# I got a ticket while driving UBER



## duke (Dec 12, 2015)

On saturday I got a ticket for "obstructing traffic" because the passenger told me to leave her in some corner and it was right after a stoplight. Against my better judgement I did what she told me, heck there was even a car in front of me doing the same. While she is taking her bags out of my car (making the process of stopping traffic even slower..) a traffic officer starts giving me a ticket

I decided to let it go because in a way it did teach me a lesson, dont listen to what the passenger says and go with your judgement. I have been driving for 7 years and had never gotten a ticket other than parking fines because I always try to follow even the stupidest road rules as to avoid issues pertaining my wallet. Saw it as a 50 dollar lesson and moved on

Now today while requesting a fare change on a trip I see there's this "I got a ticket" option. Should I try it on the oft-chance uber pays for it?? It says I simply have to upload a picture of the ticket and they will see if it happened due to my partnership to them, and will also refund the passenger (dunno why though..). If they contact me my explanation will be pretty much what the first paragraph said, a lapse in judgement I had by following the passenger's misguided request. Not much to explain nor lie about. Should I do it?? Anyone else has tried it???


----------



## LadyDi (Nov 29, 2015)

I am new and I'd do it just to see what happens. Follow-up either way, ok?


----------



## JimS (Aug 18, 2015)

No. You don't want Uber to know you got any ticket. What that line is for (and poorly explained) is if you get a ticket doing Uber where they want you to Uber, but it's against the law. Like in Austin or San Antonio before they came up with stupid laws. Or airport pick ups. Some of these fines were thousands of dollars, particularly in SE Florida. Uber wanted drivers, so they would reimburse the fine for illegally operating a commercial vehicle. Sometimes it worked, sometimes not.


----------



## duke (Dec 12, 2015)

JimS said:


> No. You don't want Uber to know you got any ticket. What that line is for (and poorly explained) is if you get a ticket doing Uber where they want you to Uber, but it's against the law. Like in Austin or San Antonio before they came up with stupid laws. Or airport pick ups. Some of these fines were thousands of dollars, particularly in SE Florida. Uber wanted drivers, so they would reimburse the fine for illegally operating a commercial vehicle. Sometimes it worked, sometimes not.


was also thinking that

yeah probably will just eat up the 50 and move on


----------



## oobaah (Oct 6, 2015)

OP...go to court, contest it, get it dropped

do. not. tell. uber.


----------



## Jay Dean (Apr 3, 2015)

Hire a traffic ticket lawyer I don't know about where you are but in Austin it comes out to same price and they take care of everything. Email some specific traffic ticket lawyers in your area to hear their response


----------



## Coachman (Sep 22, 2015)

Why would anybody hire a lawyer over a $50 traffic fine?


----------



## Jay Dean (Apr 3, 2015)

50? And was going to report it to uber? Sorry skimmed past where he said 50...


----------



## UberHammer (Dec 5, 2014)

Coachman said:


> Why would anybody hire a lawyer over a $50 traffic fine?

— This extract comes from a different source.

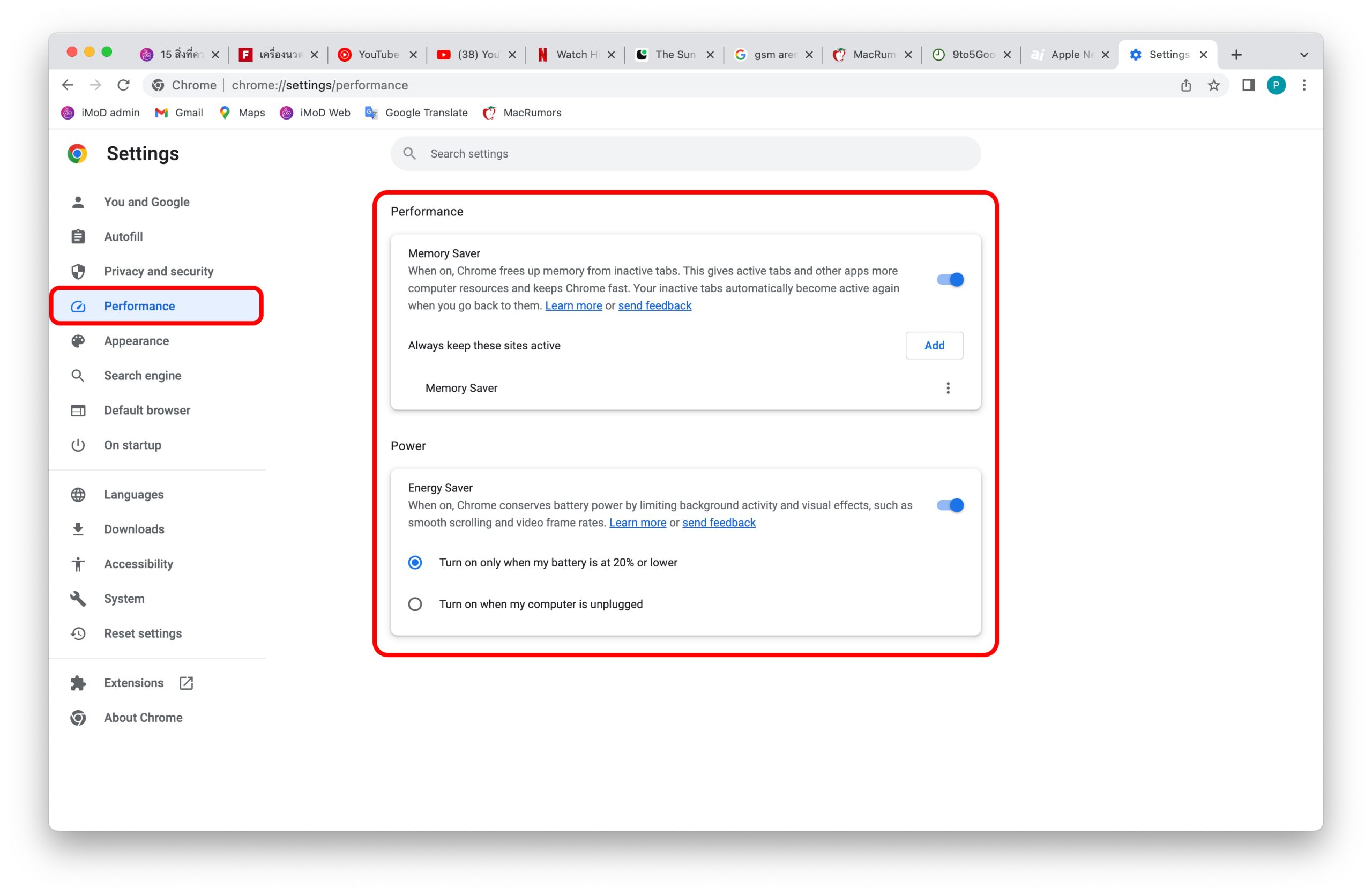 Energy Saver เวลาที่เครื่องมีแบตเหลือต่ำกว่า 20% และไม่ได้เสียบสายชาร์จอยู่ ตัว Google Chrome จะปิดการทำงานเบื้องหลังของเว็บไซต์ต่าง ๆ ให้ เช่น การเล่นเพลง, วิดีโอ, หรือเอฟเฟกต่าง ๆ เพื่อช่วยยืดเวลาการใช้งานให้ยาวนานขึ้น

Depends on the degree of the infraction and the drivers work future. Some traffic violations are classified by some municipalities as varying levels of misdemeanors, especially when they are committed in a commercial circumstance like Uber. Technically it is a criminal record, even if we aren't talking about felonies here. If someone is doing uber in their spare time, they might have a career where they might want to switch employers in the future. When a company is looking to hire someone new, they may red flag even something as little as a 4th degree misdemeanor. If that happens, and the new job is lost, then it cost the person a lot more than just $50 for the fine. In the city of Columbus, Ohio, pretty much anything an Uber driver does illegal while working is a 1st degree misdemeanor. That's like being guilty of drunk driving. You don't want a guilty charge of a 1st degree misdemeanor on your record if you want to get hired somewhere else in a professional role.


----------



## Jay Dean (Apr 3, 2015)

Yeah I make sure to have a clean record and have a lawyer just get it dismissed ..or at least try I mean that's what they do lol

Take defensive driving and you get another most places dont allow you to do defensive driving twice without seeing a judge in person etc


----------



## JimS (Aug 18, 2015)

UberHammer said:


> Depends on the degree of the infraction and the drivers work future. Some traffic violations are classified by some municipalities as varying levels of misdemeanors, especially when they are committed in a commercial circumstance like Uber. Technically it is a criminal record, even if we aren't talking about felonies here. If someone is doing uber in their spare time, they might have a career where they might want to switch employers in the future. When a company is looking to hire someone new, they may red flag even something as little as a 4th degree misdemeanor. If that happens, and the new job is lost, then it cost the person a lot more than just $50 for the fine. In the city of Columbus, Ohio, pretty much anything an Uber driver does illegal while working is a 1st degree misdemeanor. That's like being guilty of drunk driving. You don't want a guilty charge of a 1st degree misdemeanor on your record if you want to get hired somewhere else in a professional role.


Last three jobs I applied for asked for any criminal convictions _except traffic offenses under $200 (or something)._


----------